BALTIMORE (Stockpickr) -- Put down the 10-K filings and the stock screeners. It's time to take a break from the traditional methods of generating investment ideas. Instead, let the crowd do it for you.

From hedge funds to individual investors, scores of market participants are turning to social media to figure out which stocks are worth watching. It's a concept that's known as "crowdsourcing," and it uses the masses to identify emerging trends in the market.

Crowdsourcing has long been a popular tool for the advertising industry, but it also makes a lot of sense as an investment tool.
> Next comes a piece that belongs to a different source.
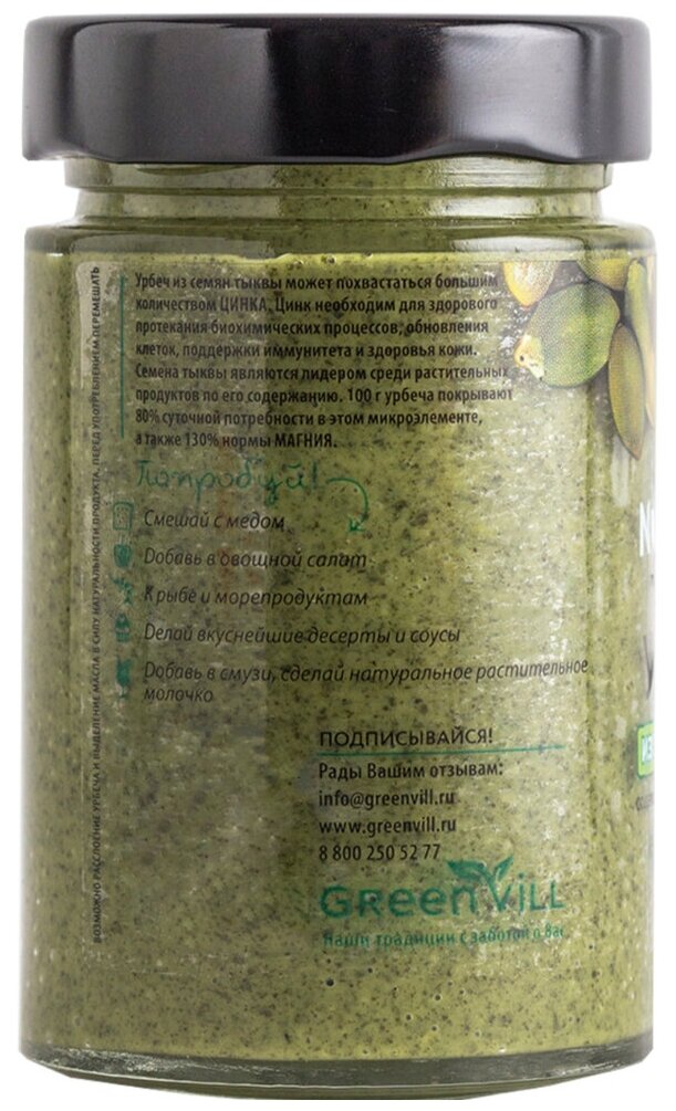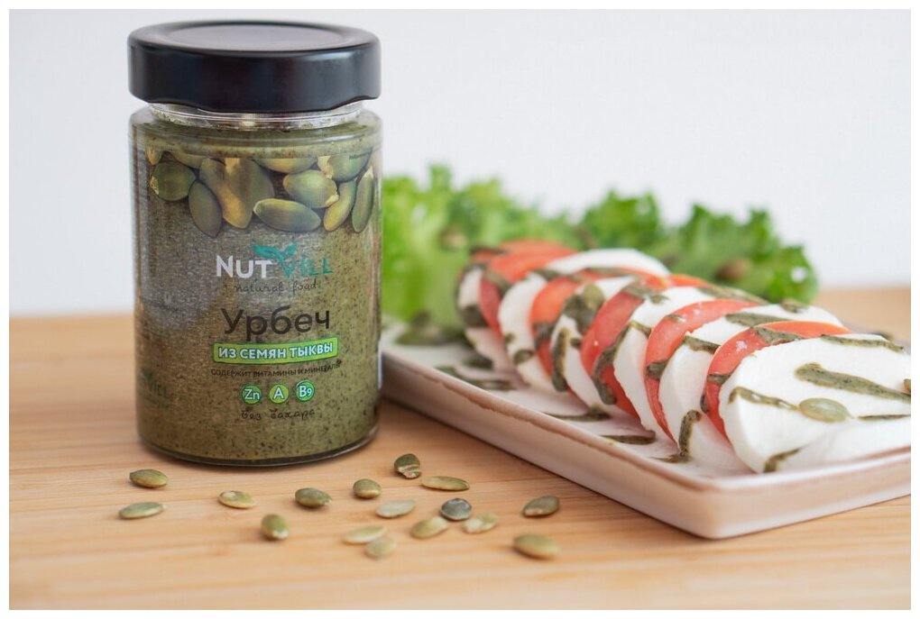 Урбеч из семян тыквы может похвастаться большим количеством цинка. Цинк необходим для здорового протекания биохимических процессов, обновления клеток, поддержки иммунитета и здоровья кожи. Семена тыквы являются лидером среди растительных продуктов по его содержанию. 100 г урбеча покрывают 80% суточной потребности в этом микроэлементе, а также 130% нормы магния.

After all, the market is completely driven by the supply and demand, so it can be valuable to see what names are trending among the crowd.

While some fund managers are already trying to leverage social media resources like Twitter to find algorithmic trading opportunities, for most investors, crowdsourcing works best as a starting point for investors who want a starting point in their analysis.

Today, we'll leverage the power of the crowd to take a look at some of the most active stocks on the market today.

Apple


Nearest Resistance: $132.50
Nearest Support: $126
Catalyst: Technical Setup

Up first on our list of high-volume stocks is Apple (AAPL). Apple is a perennially high-volume stock, but it's making an appearance on our list thanks to a bullish technical setup that's been forming in shares for the last couple of months. Apple has been forming an ascending triangle since March, bumping up against resistance up at $132.50. Friday's test of support at $126 was a big level -- and it helped to fuel the "melt-up" that took place over the course of Friday's session. By the time the closing bell range, AAPL was up more than 3%.

Long-term, Apple continues to look attractive on the dips, but a breakout above $132.50 is a much better breakout buy signal to follow into this stock.

LinkedIn


Nearest Resistance: $210
Nearest Support: $190
Catalyst: Q1 Earnings

There's no two ways about it: Last week was brutal for shares of LinkedIn (LNKD). The social network shed 18.6% on Friday, slammed lower following its first-quarter earnings call. Excluding one-time charges, LNKD earned a profit of 57 cents for the first quarter, a solid number that was almost exactly in line with analysts' expectations. But forecasts for the second quarter were ugly, and the firm cut its guidance for the full year as a result. That's the real reason behind LNKD's selloff.

Technically speaking, LinkedIn's chart looks pretty ugly here. Shares had been in a pretty textbook uptrend going back to October, bouncing off of trend line support on every successive test. But today's big violation of that uptrend means that the rally is over now. Shares could retreat down to $190 support without passing through any technically-important price levels.